What was causing crime was, as might be expected, poverty and inequality, the latter particularly in cities like Rome, where poor and rich lived close enough to compare each other’s lifestyles. As much as anything, the law was there to uphold this status quo, which contained elements of built-in inequality that feel alien to us, notably slavery. Slaves had very few legal rights, though some emperors would intervene on their behalf against excessively cruel owners (Augustus prevented one such from feeding a slave to his moray eels for breaking a vase). Since they counted as property rather than people, it was, for instance, impossible in law for an owner to rape a slave; he was simply making use of his possessions. This strikes us as shocking, but as Toner points out, things have not changed as much as we like to think and there is still a disconnect between what the law asserts and what it can do, not to mention who is in a position to make use of it:

“We might like to think that the modern world has improved because slavery is now illegal in every country, but according to one estimate, there are almost thirty million slaves in the world today, a far higher figure than Rome ever possessed. […] A Roman would probably argue that the modern Western lifestyle requires similarly drastic inequalities in order to be maintained.

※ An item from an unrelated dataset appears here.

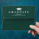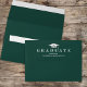 This design features graduation graduate grad party, a modern mortar board cap hat, a basic 5x7 a7 envelope size, a dark forest green simple minimalist minimal, a traditional mortarboard mortar board, with a return address back flap printed, a plain clean simplistic minimalist, a graduation party invitation envelope, a graduation announcement envelope, a dark forest green grad party envelope

Over 70% of the world’s population live on less than $10 a day and half of global wealth is held in the hands of the top 1%. The eight richest men own as much as the poorest 3.6 billion. It is a level of inequality that is, if anything, far worse than existed in the Roman world. We in the West simply keep our low-cost producers out of sight, housed in factories in faraway countries. At least the Romans faced up to the social hierarchy that helped generate the wealth and leisure that allowed them to enjoy themselves at the baths and games. I suspect the Romans would feel that their values and ours were in many ways the same; a belief in the pursuit of personal fulfilment and wealth, regardless of the cost to others.”

This is a provocative and challenging statement, but hard to dispute. And though readable and accessible, this is a properly scholarly study with all the necessary apparatus behind it — Toner is after all a Fellow and Director of Studies in Classics, Churchill College, Cambridge.